12(R)-Hydroxy-5,8,14(Z,Z,Z)-eicosatrienoic acid (12(R)-HETrE) is an arachidonic acid metabolite formed by the corneal epithelium of several species, porcine leukocytes, and human and rat epidermal cells. It is a potent, stereospecific proinflammatory and angiogenic factor and its synthesis is increased manyfold in inflamed tissues, e.g. cornea and skin. It is possible that the angiogenic activity of 12(R)-HETrE is due to a direct mitogenic effect on microvessel endothelial cells via yet to be elucidated cellular and molecular mechanisms. In the present study, we demonstrated the ability of 12(R)-HETrE to stimulate the growth of quiescent endothelial cells in a time- and concentration-dependent manner with a maximal effect at 0.1 nM. This effect was highly stereospecific since its enantiomer, 12(S)-HETrE, had no effect within the same concentration range.

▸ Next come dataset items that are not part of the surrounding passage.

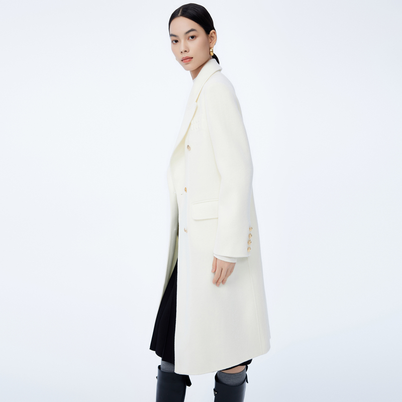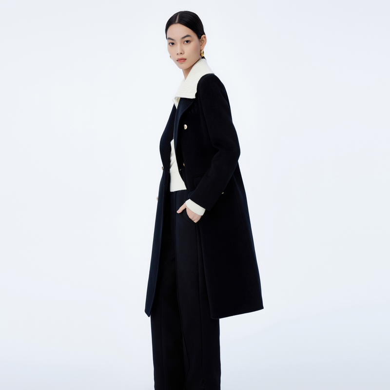 LILY冬新款女装全绵羊毛气质通勤优雅复古双排扣毛呢外套大衣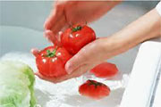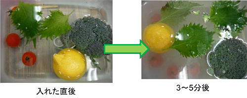 農薬などの付着・残留にもよりますが、しばらくすると水の表面に油膜のようなものが浮かんできます。その後、素早く水道水で食材についたこの水を洗い流します。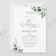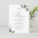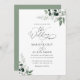 sage green wedding invitation, watercolor greenery foliage and elegant black lettering script. Customise the text and colours.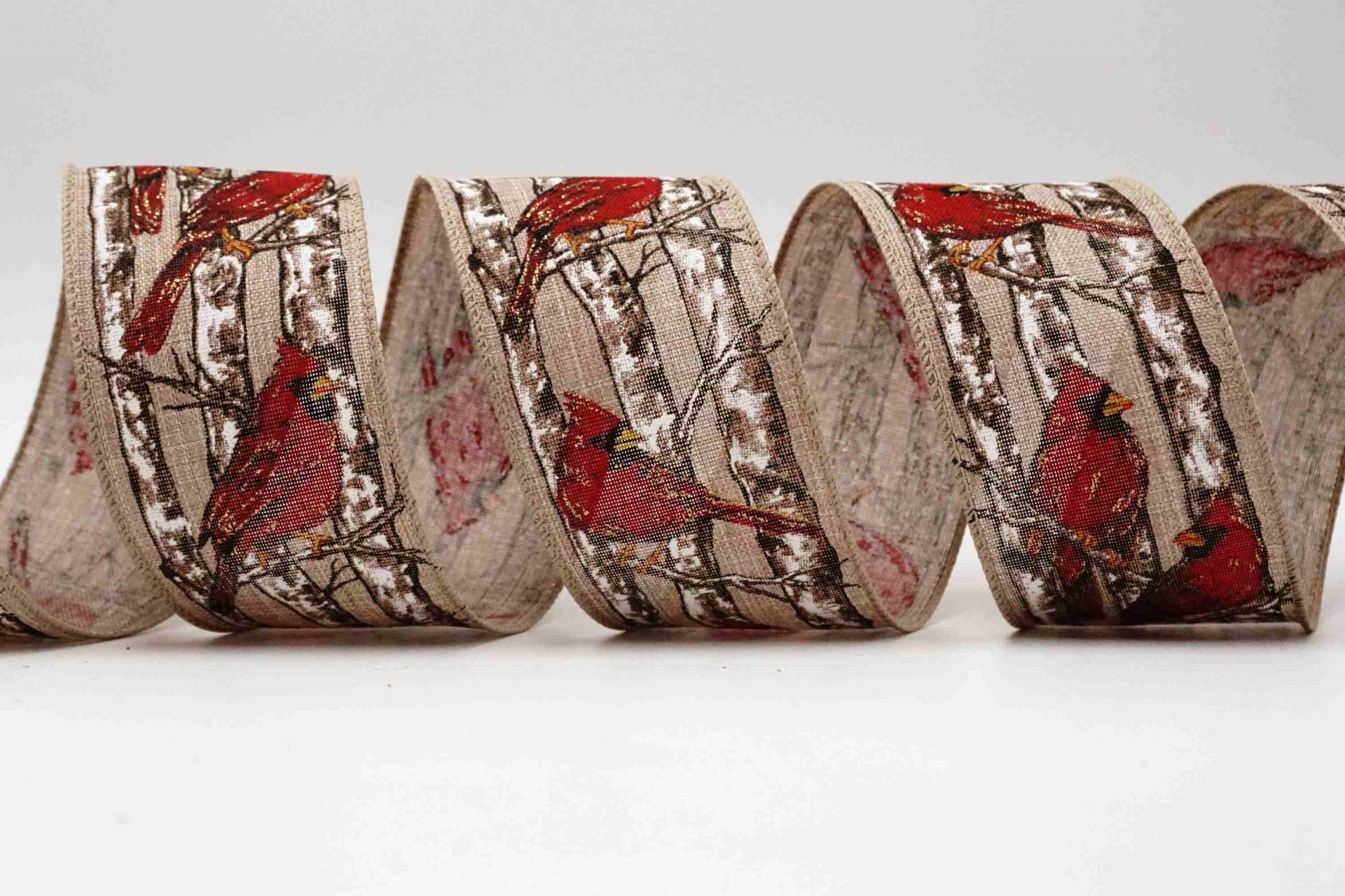 Tämä nauha sisältää punaisia kardinaalilintuja, joita koristavat huurteinen lumi ja kultaiset kimalteet. Se on saatavilla kolmella eri taustavärillä, jotka muistuttavat jäljitelmäpellavakangasta ja joissa jokaisessa on eri värisiä puunoksia.

Northern blot analysis and transient transfection experiments with chloramphenicol acetyltransferase constructs of oncogene promoter regions demonstrated significant increases over control (0.5% fetal calf serum) in c-myc, c-jun, and c-fos mRNA levels and expression in cells treated with 0.1 nM 12(R)-HETrE. Electrophoretic mobility shift assay of nuclear protein extracts from cells treated with 12(R)-HETrE with specific radiolabeled oligonucleotides corresponding to known transcriptional binding sites, including AP-1, AP-2, SP1, TRE, NFκB, TFIID, OKT1, CREB, CTF/NF1, and GRE demonstrated a markedly rapid and specific increase in the binding activity of NFκB and to a lesser extent, AP-1. No significant increase was observed in the binding of other transcription factors assayed as compared to control (untreated) cells. Since the protooncogenes (c-fos, c-jun, and c-myc) are immediate early response genes that are implicated in the process of cell proliferation and differentiation, and activation of certain transcription factors, in particular NFκB, is associated with the immediate response of the cell to an injury, we propose that 12(R)HETrE's mitogenic and angiogenic activities are mediated, in part, via the activation of NFκB and expression of these protooncogenes.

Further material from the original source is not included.